An aside:
several years ago I exchanged views with Brad Klein about the lack of longer-form essays/thought pieces in the major magazines. His point was: editors look at the online numbers/data and decide that they don't want any more than a high-concept 300 word snapshot; my point was, maybe the data is a self-fulfilling prophecy, ie you give readers nothing more than high-concept 500 word snapshots and when they stop reading after 300 words you decide that this will be the new word count -- instead of considering the possibility that they've stopped reading precisely because they're tired of high-concept snapshots of ANY length, and are hungering for something real to sink their teeth into.
Which is to say: this is an important topic, the 'affordable' $150 green fee -- an issue that I believe a LOT of average golfers would like to have insightfully explored and unpacked in all its nuances.

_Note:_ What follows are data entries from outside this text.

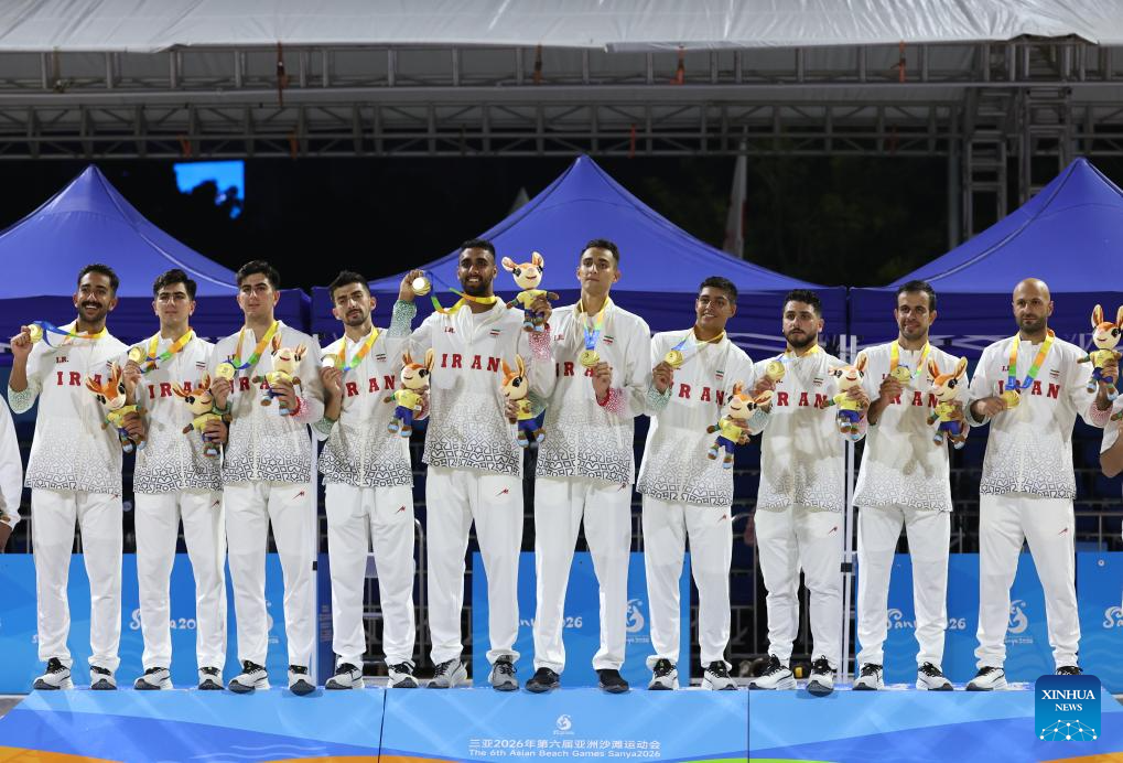 Gold medalists team Iran pose during the awarding ceremony for the men's beach handball at the 6th Asian Beach Games in Sanya, south China's Hainan Province, April 29, 2026. (Xinhua/Li Bo)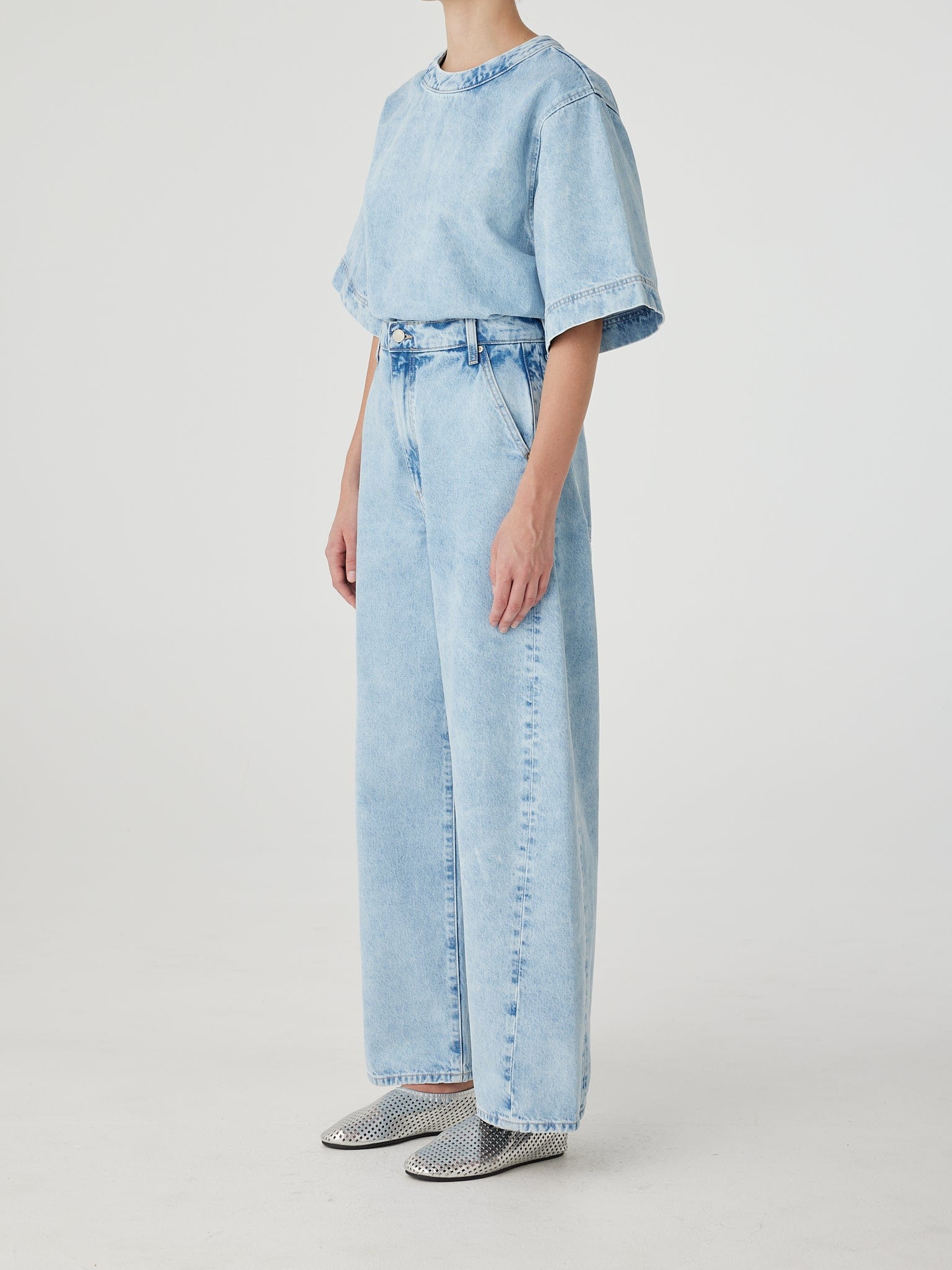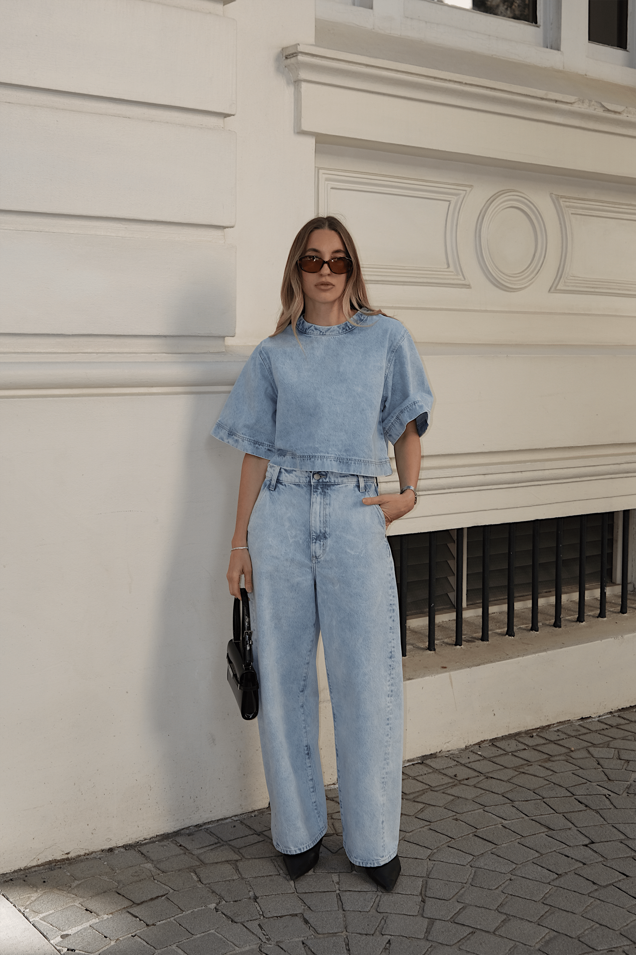 Our standout barrel leg jean. The Luna Jean sits high on the true waist, is relaxed through the hip and leg, with a barrel leg profile that finishes at the top of the shoe. Featuring side pockets and side panel details.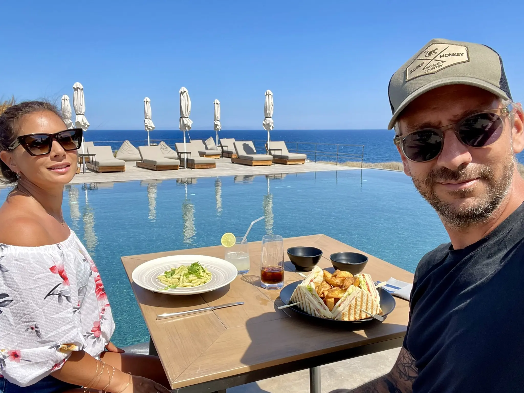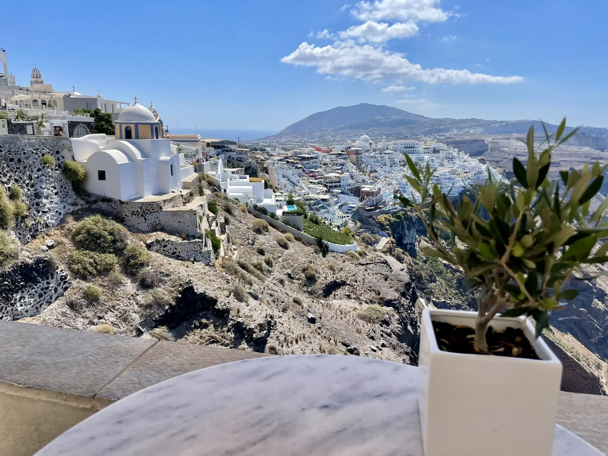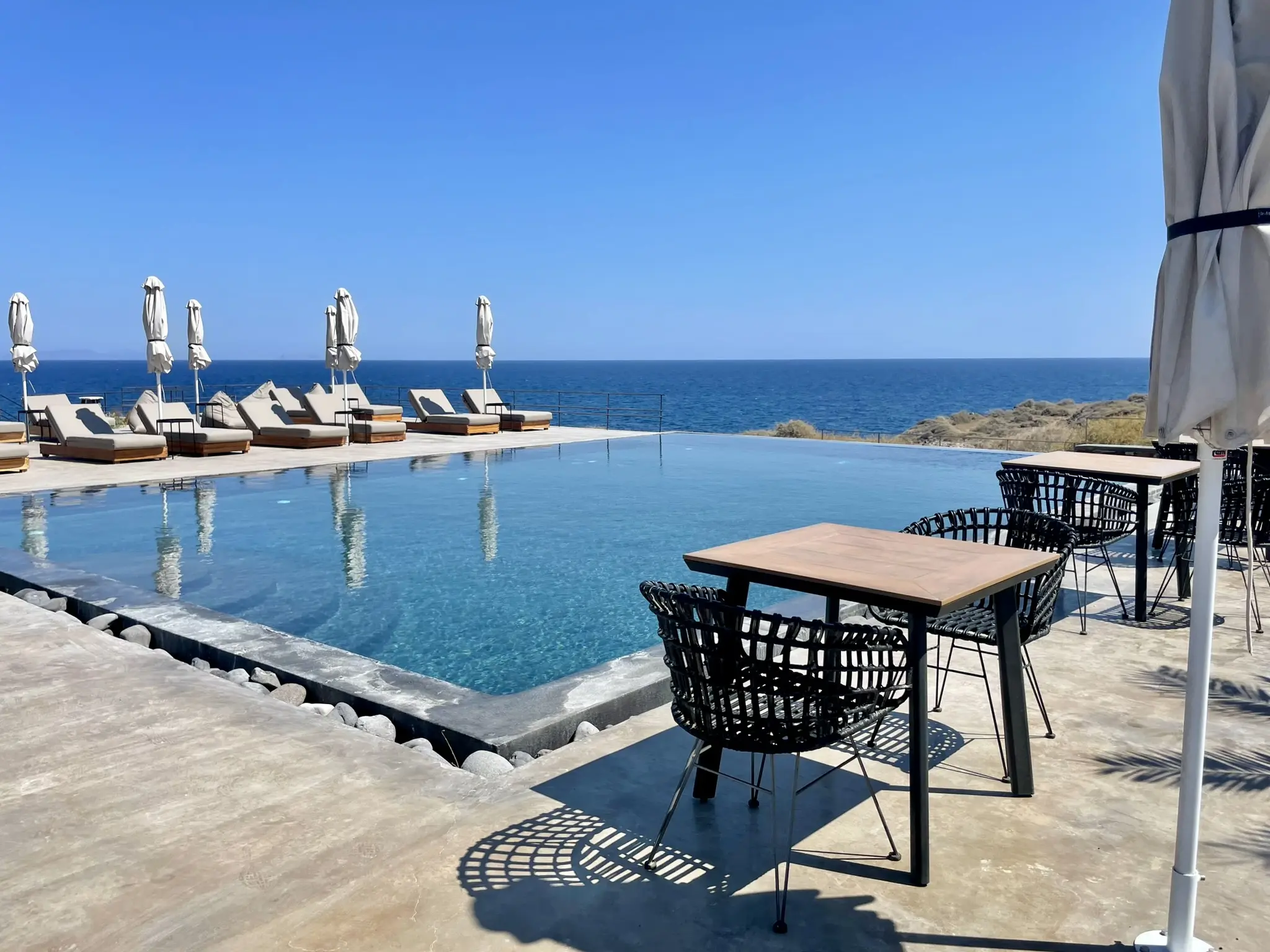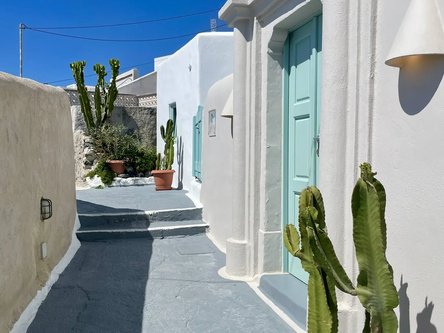 Pour notre séjour express à Santorin, on a décidé de se faire un vrai plaisir avec un logement de rêve à Oia : terrasse privée, jacuzzi et une vue qui te coupe le souffle sur la caldeira. Le top ? Quand la foule envahissait Oia, nous, on se la coulait douce dans notre petit coin de paradis. Le programme : baignade relaxante dans le jacuzzi, verre de vin blanc à la main et des panoramas de dingue. C’était l’endroit parfait pour se ressourcer et profiter de l’île en mode chill.

Ran is a bright man, and a good writer himself -- why not give a Sean A or Tom D or Kyle H or Gib P etc a chance at 1500-2000 words to explore the topic and start a meaningful conversation about the pros/cons/future of the new normal in quality golf?
In the hands of a good writer, and without the usual click-bait bs, I'd bet that very few readers would check out after only 300 words. Readers know when a topic/issue actually MEANS something, and when an essay writer is honestly and genuinely grappling with it.